旅行には準備が必要だ。そして百合香ちゃんは、全く準備をして来なかった。それもそのはず、ただ単に俺を追いかけてきたのだから。
「ど、どうすれば…………」
この世の終わりみたいな顔をして、地面にぽすっと座り込む。
「私、財布とスマホしか持ってない、です…………」
カタカタ震え始めた。熱帯夜の中、凍えそうなほどに。
「安心するんだ。チェックインしたら百合香ちゃんが部屋を使えばいい。俺はネカフェ行くから」
「服がないです……」
「安心するんだ。俺の服とチノパンを貸してやるから」
「嫌ですっ。ほ、本当は着たいけど、でもせっかくお兄さんと聖地に来てるんですから、可愛い私を見て欲しいですっ」
窮地に立たされてもなお強欲な娘が、ここにいる。そして驚くべきことに、彼女は高校生なのだ。そう、「轟け! ユーフォニアム」に出てくる彼らと同じ、高校生なのだ……。
「そうですね、夏祭りのとき
「明日、服屋で買えるだろうけどさ。でも俺としては和装がいいな」
お茶で有名な観光地でもあり、事前に調べた情報によると、日中多くの女性観光客がゆかたなどの和装をして出歩いているらしい。ぜひ百合香ちゃんにも着てほしいものだ。
「でも、それだと巡礼しにくいんじゃ」
「確かに」
聖地の中には、山もある。山を登らなきゃならないのだ。そして、上り坂もある。聖地である
「それで、下着はどうするんだ?」
「……コンビニ」
パンツは、コンビニで売っているだろう。
しかし……
「コンビニでブラって売ってるかな」
「……」
なぜ百合香ちゃんが寝間着姿を恥ずかしいと思ったのか。様々な理由があるだろうが、最も大きな理由は多分、胸だ。

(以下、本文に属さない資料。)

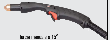
Torcia manuale a 15°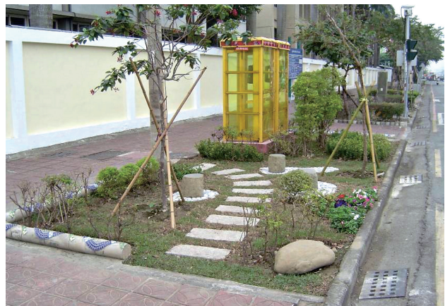
圖2 社區環境綠美化營造點完工樣貌

機制，以嘉義市的社區規劃師為例，大致可分為三種類型，第一類是「利用計畫以達個人利益」型，把社區綠美化計畫當作個人補助，提出自身住家周邊環境改善提案，並講求個人利益，期待輔導團隊能從頭做到尾，甚至提出應有協力費用的補貼，無後續管理維護之責；第二類為「要求資源進入社區，無心維護管理」型，把社區綠美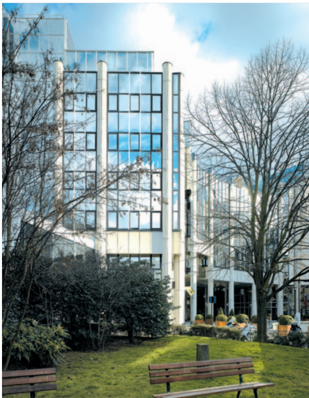
7, place René Clair • Boulogne Billancourt (92)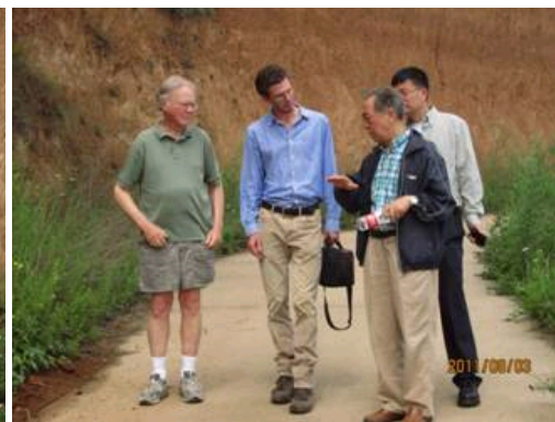
安芷生院士与Wallace S. Broecker教授等考察黄土剖面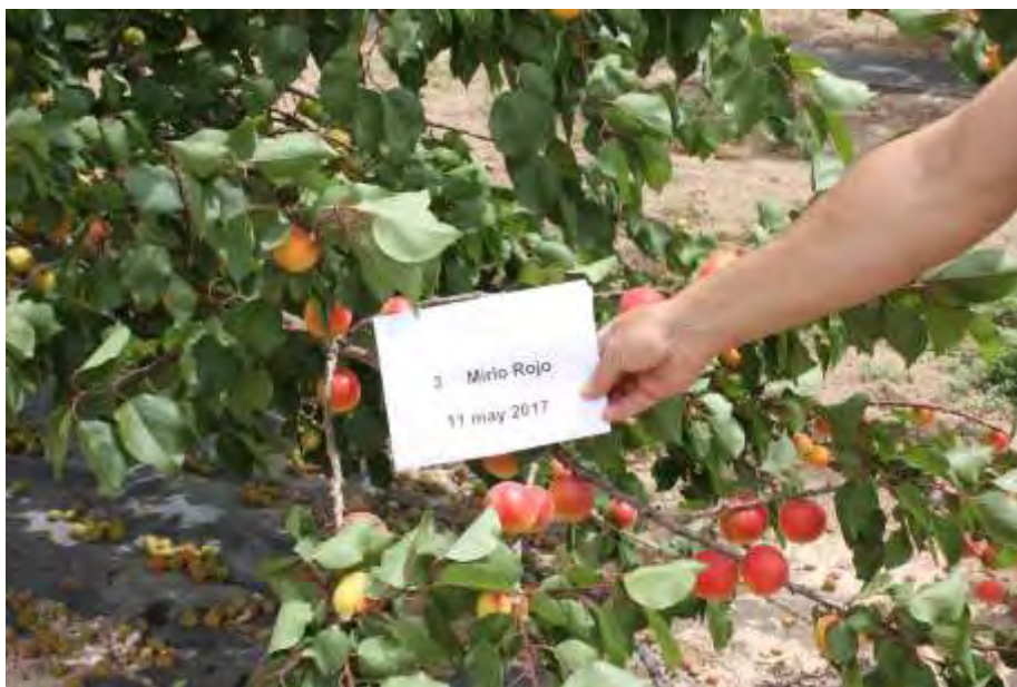
Foto nº 2. Árbol de la variedad Mirlo Rojo antes de su recolección, 11 de mayo de 2017.

Los valores de producción sólo podrán ser tomados como orientativos dado el poco número de árboles del ensayo, y no tener repeticiones.

寝間着は、寝やすい格好である。Tシャツの下にブラを付けるのは、寝にくい格好である。したがって百合香ちゃんは、一日中ノーブラだったと考えられる。
「う、売ってます! ほら!」
スマホの画面を突き付けてきた。何やら、カップ付きのキャミソールというのが売っているらしい。

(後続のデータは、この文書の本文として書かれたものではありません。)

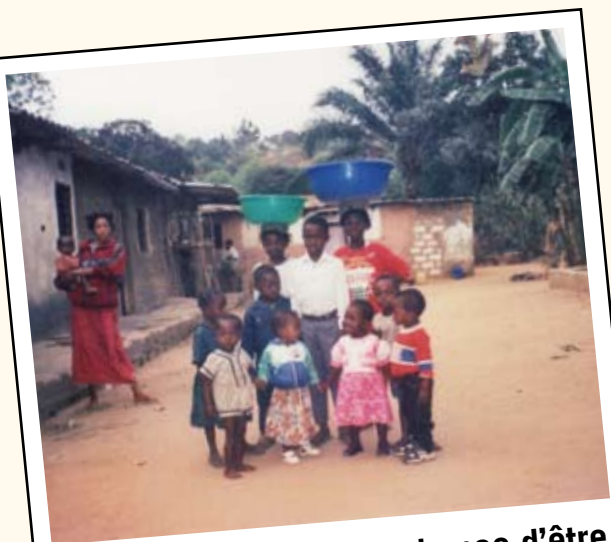
Ces enfants ont eu la chance d'être récupérés dans la rue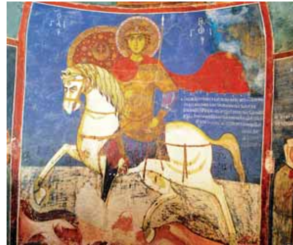
Affreschi del XII e XIII secolo nella cappella di Asinou, dedicata a Nostra Signora dei pastori.

centinaia, antiche o più recenti, affrescate o candide, in rovina o restaurate. Tra queste l'Unesco ne ha scelte una decina, inserendole nell'elenco dei siti "patrimonio dell'umanità". Me le sono cercate, ad una ad una.

「もし売り切れてたら、明日も何も付けづに過ごすことになるな」
考えられる、というのは、推測。
実際にはどうだったかというと、今日一日ずっと百合香ちゃんを撮影していたから分かる。あの中国人がほほ笑んでいたのも、おばちゃんたちが脚についてばかり言及していたのも、百合香ちゃんの胸に謎めいた二つの突起があったからだ。
皆、百合香ちゃんがノーブラであることを気づかないように気遣っていたのだ。目的は異なるだろうが……。
今更、うずくまって胸を隠す百合香ちゃん。
俺が撮影した写真には、もちろん謎の突起も写っていた。そこにフォーカスした写真も、何枚か撮った。
怒らずに恥ずかしがっただけなのは、俺が百合香ちゃんに認められているからだろうか。それはさておき今日、百合香ちゃんに認められていない赤の他人たちが、こっそり見ていたはずだ。許せない。くそっ。
「安心するんだ。……きっと売り切れてないさ」
「うう……」
荷物はキャリーバッグに全部詰め込んでいる。背中は空いているのだ。
持ち手からすっと手を離し、しゃがむ俺。
「ほら」
すささ、と、背中にくっついてきた。胸を俺の背中に隠すためだろう。
「お兄さん、本当は絆創膏持ってたんじゃないですか」
「ごめん、持ってなかった」
「やっぱり、私の胸、見られてたと思いますか」
「見ないようにはしてたかもな。……あの巨人はガン見してたけど」
つぷん、とした感触が、背中の左右に伝導する。
「今度会ったら殺します、あの中国人」
「逆に殺される。簡単に抱えられて、どこにも勝ち目なかっただろ」
「勝てますっ! お兄さんと一緒ならっ!」
「嫌」
百合香ちゃんが背中で動き回るもんだから、くりくりとした感触が背中の左右を振動させる。
旅行において準備が必要だということを理解してくれたところで、俺たちはようやく橋を渡り終えた。川が、ザアザアと鳴っている。